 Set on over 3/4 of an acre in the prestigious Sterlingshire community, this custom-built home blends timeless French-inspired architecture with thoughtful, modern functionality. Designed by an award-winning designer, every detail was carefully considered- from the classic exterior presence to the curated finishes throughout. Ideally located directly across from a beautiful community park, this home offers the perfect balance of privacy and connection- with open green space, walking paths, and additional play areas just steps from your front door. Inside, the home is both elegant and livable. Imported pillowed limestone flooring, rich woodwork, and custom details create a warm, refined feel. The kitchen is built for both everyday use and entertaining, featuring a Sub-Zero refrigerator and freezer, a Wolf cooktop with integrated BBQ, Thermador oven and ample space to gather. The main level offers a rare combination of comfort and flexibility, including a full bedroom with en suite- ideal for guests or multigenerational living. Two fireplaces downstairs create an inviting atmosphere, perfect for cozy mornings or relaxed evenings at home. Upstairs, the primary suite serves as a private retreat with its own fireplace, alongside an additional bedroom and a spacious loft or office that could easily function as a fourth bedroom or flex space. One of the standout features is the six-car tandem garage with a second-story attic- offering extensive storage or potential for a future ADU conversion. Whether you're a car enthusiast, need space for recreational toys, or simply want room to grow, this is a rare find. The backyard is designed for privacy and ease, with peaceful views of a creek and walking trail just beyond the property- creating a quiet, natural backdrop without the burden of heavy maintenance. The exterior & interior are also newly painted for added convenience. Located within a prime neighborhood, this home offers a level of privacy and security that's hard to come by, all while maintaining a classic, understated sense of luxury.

☆ ☆ ☆ ☆ ☆ ☆ ☆

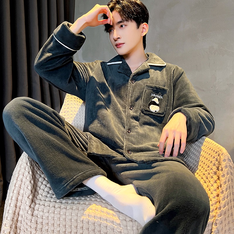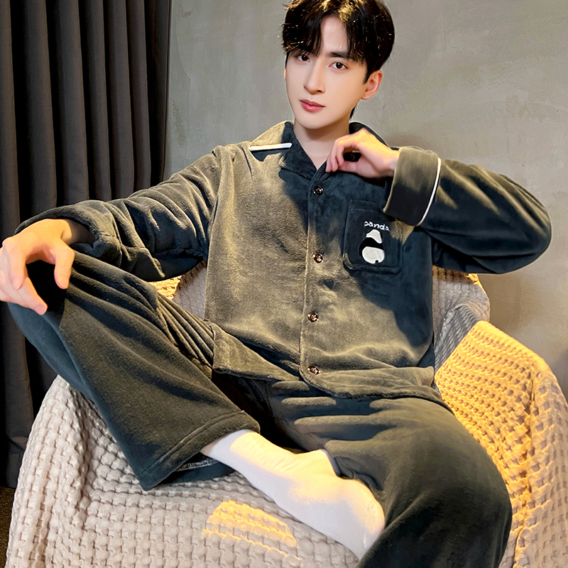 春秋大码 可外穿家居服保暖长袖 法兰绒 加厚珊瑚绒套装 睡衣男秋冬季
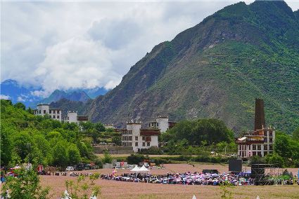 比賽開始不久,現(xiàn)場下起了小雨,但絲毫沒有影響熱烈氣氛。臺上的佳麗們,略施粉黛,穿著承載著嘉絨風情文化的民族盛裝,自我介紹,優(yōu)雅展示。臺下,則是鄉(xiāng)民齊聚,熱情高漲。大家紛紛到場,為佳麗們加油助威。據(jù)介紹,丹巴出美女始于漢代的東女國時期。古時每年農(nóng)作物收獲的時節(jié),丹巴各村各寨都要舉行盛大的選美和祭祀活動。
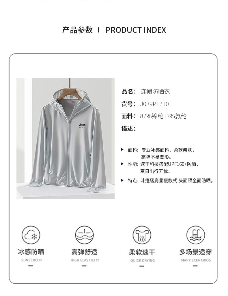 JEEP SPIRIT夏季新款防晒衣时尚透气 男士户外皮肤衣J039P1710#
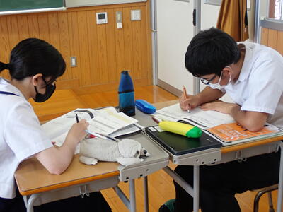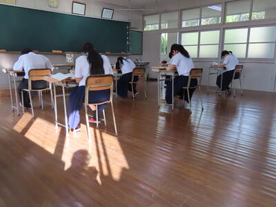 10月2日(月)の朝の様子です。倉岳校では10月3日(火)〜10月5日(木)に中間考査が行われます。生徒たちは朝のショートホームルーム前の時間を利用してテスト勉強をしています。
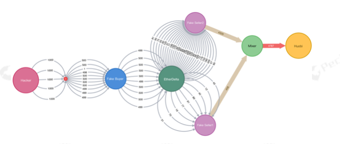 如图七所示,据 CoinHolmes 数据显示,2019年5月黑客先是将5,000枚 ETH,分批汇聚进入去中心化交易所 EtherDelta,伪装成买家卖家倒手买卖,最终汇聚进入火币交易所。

☆ ☆ ☆ ☆ ☆ ☆ ☆

## PROBLEM STATEMENT:
For this exercise, return exactly the lines above from the line with "比賽開始不久,現(xiàn)" through the line with "如图七所示,据 CoinHolmes 数据显示,2019年5月黑客先是将5,000枚", both included. Do not copy the pictures.

## RESULT OF THE TASK:
 比賽開始不久,現(xiàn)場下起了小雨,但絲毫沒有影響熱烈氣氛。臺上的佳麗們,略施粉黛,穿著承載著嘉絨風情文化的民族盛裝,自我介紹,優(yōu)雅展示。臺下,則是鄉(xiāng)民齊聚,熱情高漲。大家紛紛到場,為佳麗們加油助威。據(jù)介紹,丹巴出美女始于漢代的東女國時期。古時每年農(nóng)作物收獲的時節(jié),丹巴各村各寨都要舉行盛大的選美和祭祀活動。
 JEEP SPIRIT夏季新款防晒衣时尚透气 男士户外皮肤衣J039P1710#
 10月2日(月)の朝の様子です。倉岳校では10月3日(火)〜10月5日(木)に中間考査が行われます。生徒たちは朝のショートホームルーム前の時間を利用してテスト勉強をしています。
 如图七所示,据 CoinHolmes 数据显示,2019年5月黑客先是将5,000枚 ETH,分批汇聚进入去中心化交易所 EtherDelta,伪装成买家卖家倒手买卖,最终汇聚进入火币交易所。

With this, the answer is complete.